Because clinical trials are conducted under widely varying conditions, adverse reaction rates observed in the clinical trials of a product cannot be directly compared to rates in the clinical trials of another product and may not reflect the rates observed in practice.
In a 2-year prospective, multicenter, randomized, open-label, parallel-group clinical trial1, 144 patients, ages 18 to 54 years, were randomized to receive a 1-time treatment with MACI or microfracture (1:1, 72 patients in each treatment group).

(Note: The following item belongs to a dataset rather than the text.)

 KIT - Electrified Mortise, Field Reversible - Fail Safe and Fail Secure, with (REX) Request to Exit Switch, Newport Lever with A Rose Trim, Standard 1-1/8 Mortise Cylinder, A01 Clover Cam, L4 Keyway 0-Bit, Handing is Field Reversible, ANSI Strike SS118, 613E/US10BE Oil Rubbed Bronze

Demographic characteristics of patients in the trial were similar in both treatment groups. The majority of patients were male (62.5% MACI, 66.7% microfracture), and the mean ages were 34.8 (MACI) and 32.9 (microfracture) years. Overall, 70 patients in the MACI group and 67 patients in the microfracture group completed 2 years of follow-up.

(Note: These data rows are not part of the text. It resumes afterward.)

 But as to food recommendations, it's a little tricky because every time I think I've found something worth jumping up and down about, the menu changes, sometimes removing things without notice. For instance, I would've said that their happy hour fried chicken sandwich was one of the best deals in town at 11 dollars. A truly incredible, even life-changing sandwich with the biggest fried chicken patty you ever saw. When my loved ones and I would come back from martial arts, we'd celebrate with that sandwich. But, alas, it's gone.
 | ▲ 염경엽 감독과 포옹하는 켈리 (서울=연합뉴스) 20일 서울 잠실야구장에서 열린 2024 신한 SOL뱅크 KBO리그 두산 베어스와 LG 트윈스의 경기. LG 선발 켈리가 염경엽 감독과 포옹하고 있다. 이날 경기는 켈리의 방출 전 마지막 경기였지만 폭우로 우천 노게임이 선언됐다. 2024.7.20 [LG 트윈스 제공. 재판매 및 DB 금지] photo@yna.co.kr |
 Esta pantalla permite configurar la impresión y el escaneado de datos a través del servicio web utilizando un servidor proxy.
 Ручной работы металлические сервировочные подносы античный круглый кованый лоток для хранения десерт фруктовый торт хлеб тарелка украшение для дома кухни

In addition, all 144 subjects from the 2-year clinical trial had the option to enroll in a 3-year follow-up study (extension study). Safety and efficacy assessments were performed at yearly scheduled visits. The demographic characteristics of patients (N = 128) enrolled in the extension study were similar in both treatment groups and consistent with the overall population of the 2-year clinical trial.
The proportion of patients with at least 1 subsequent surgical procedure (any surgical procedure performed on the treated knee joint, including arthroscopy, arthrotomy, or manipulation under anesthesia) in the 2 years following study treatment was comparable between treatment groups (8.3% in the MACI group and 9.7% in the microfracture group).
Adverse reactions reported in ≥5% of patients in either treatment group in the 2-year clinical trial are provided in Table 1.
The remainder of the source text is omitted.